7.3: Restriction on Randomization - RCBD

Last updated
Save as PDF

Page ID: 33890

\( \newcommand{\vecs}[1]{\overset { \scriptstyle \rightharpoonup} {\mathbf{#1}} } \) \( \newcommand{\vecd}[1]{\overset{-\!-\!\rightharpoonup}{\vphantom{a}\smash {#1}}} \)\(\newcommand{\id}{\mathrm{id}}\) \( \newcommand{\Span}{\mathrm{span}}\) \( \newcommand{\kernel}{\mathrm{null}\,}\) \( \newcommand{\range}{\mathrm{range}\,}\) \( \newcommand{\RealPart}{\mathrm{Re}}\) \( \newcommand{\ImaginaryPart}{\mathrm{Im}}\) \( \newcommand{\Argument}{\mathrm{Arg}}\) \( \newcommand{\norm}[1]{\| #1 \|}\) \( \newcommand{\inner}[2]{\langle #1, #2 \rangle}\) \( \newcommand{\Span}{\mathrm{span}}\) \(\newcommand{\id}{\mathrm{id}}\) \( \newcommand{\Span}{\mathrm{span}}\) \( \newcommand{\kernel}{\mathrm{null}\,}\) \( \newcommand{\range}{\mathrm{range}\,}\) \( \newcommand{\RealPart}{\mathrm{Re}}\) \( \newcommand{\ImaginaryPart}{\mathrm{Im}}\) \( \newcommand{\Argument}{\mathrm{Arg}}\) \( \newcommand{\norm}[1]{\| #1 \|}\) \( \newcommand{\inner}[2]{\langle #1, #2 \rangle}\) \( \newcommand{\Span}{\mathrm{span}}\)\(\newcommand{\AA}{\unicode[.8,0]{x212B}}\)

A completely randomized design (CRD) for the greenhouse experiment is reasonable, provided the positions on the bench are equivalent. In reality, this is rarely the case. In this setting, for example, some micro-environmental variation can be expected due to the glass wall on one end, and the open walkway at the other end of the bench.

A powerful alternative to the CRD is to restrict the randomization process to form blocks. Blocks, in a physical setting such as in this example, are usually set up at right angles to suspected gradients in variation.

In a block design, general blocks are formed such that the experimental units are expected to be homogeneous within a block and heterogeneous between blocks. The number of experimental units within a block is called its block size.

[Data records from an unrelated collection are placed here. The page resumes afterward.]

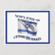 Não fique apenas com Israel; fique em Israel. Possui uma bandeira israelense. O texto em inglês abaixo da bandeira diz, EU FICO EM ISRAEL." O texto hebraico acima da bandeira diz, "Ani omedet b'Yisrael" (א נ ע ו מ ד ת י ב י ש ר א ל). Venha para casa, faça aliyah. Junte-se àqueles que eram nasceres aqui e àqueles que vieram para casa. Não há mais maneira de mostrar o vosso apoio a Israel do que de se tornarem cidadãos e viverem aqui.
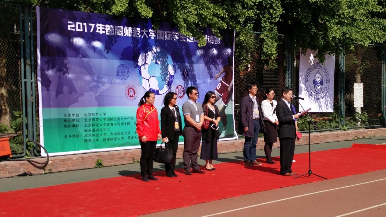 5月6日,2017年部属师范大学国际员工足球邀请赛在北京师范大学拉开帷幕。公司国际员工足球队与来自北京师范大学、华东师范大学、华中师范大学、东北师范大学、陕西师范大学的5支队伍齐聚北京师范大学足球场,公司永利3044noc王静经理出席了本次足球邀请赛开幕式。
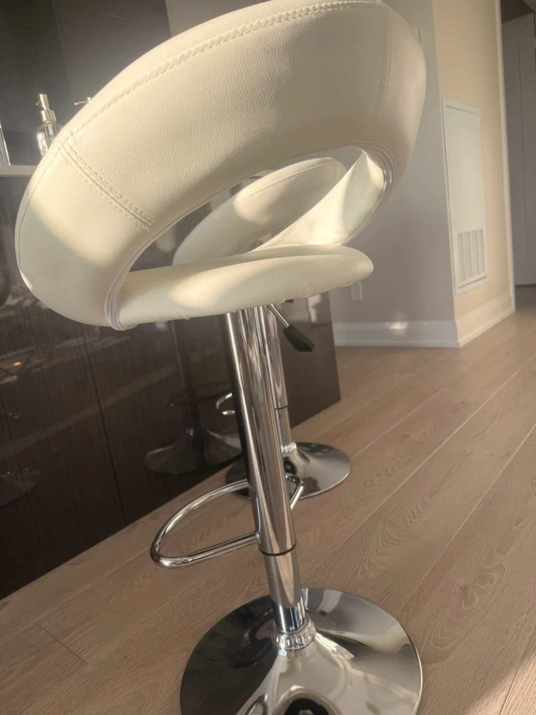 This set of white adjustable bar stools features a comfortable, padded seat and backrest. It has a chrome base and a built-in footrest for added convenience. The height is adjustable, making it suitable for most kitchen islands or bars. Small amount of discoloration seen seat of one barstool, shown in 2nd picture.
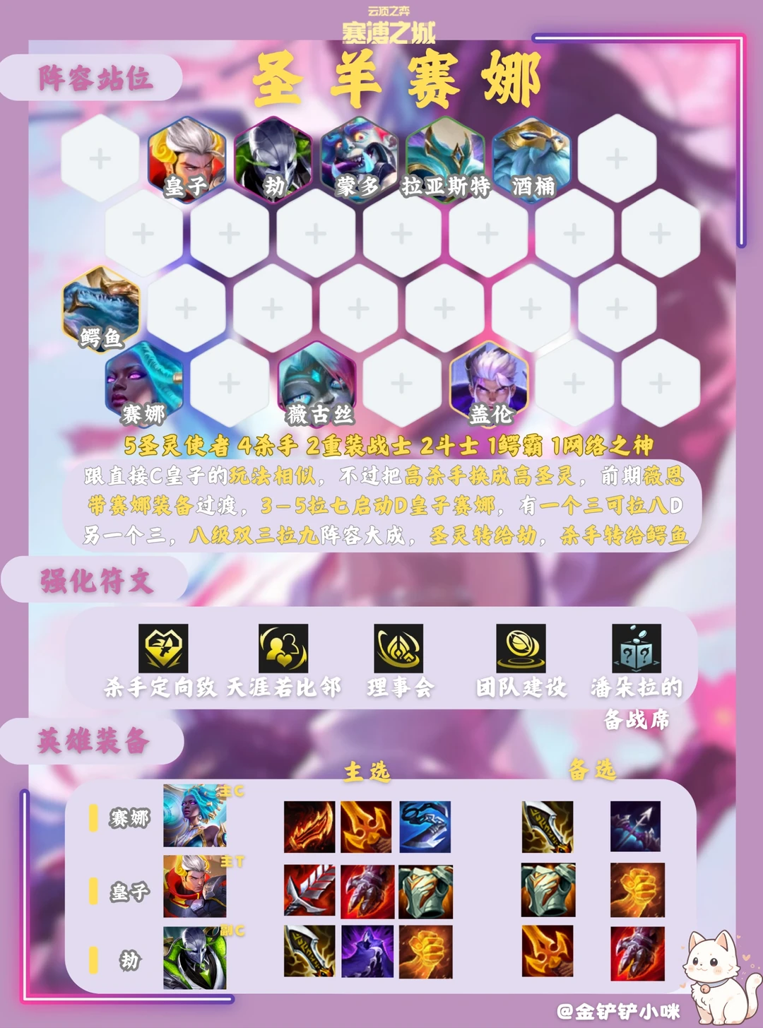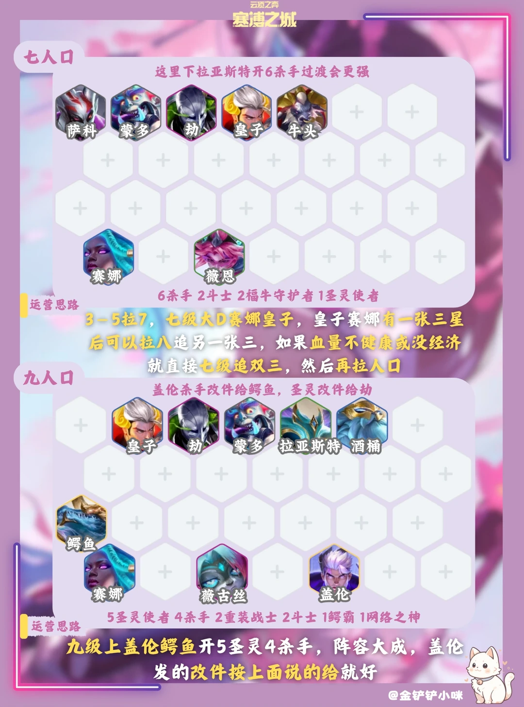 4️⃣阶段八人口找到赛娜皇子三星再拉九级,都被同行拿完想吃分就拉九级找鳄鱼盖伦,盖伦杀手改件给鳄鱼,圣灵改件给劫,有转职同理,阵容大成!

In a randomized complete block design (RCBD), each block is of the same size and is equal to the number of treatments (i.e. factor levels or factor level combinations). Furthermore, each treatment will be randomly assigned to exactly one experimental unit within every block. So we think of the data in the greenhouse example in terms of RCBD, we will have 6 blocks each with block size equal to 4, the number of fertilizer levels.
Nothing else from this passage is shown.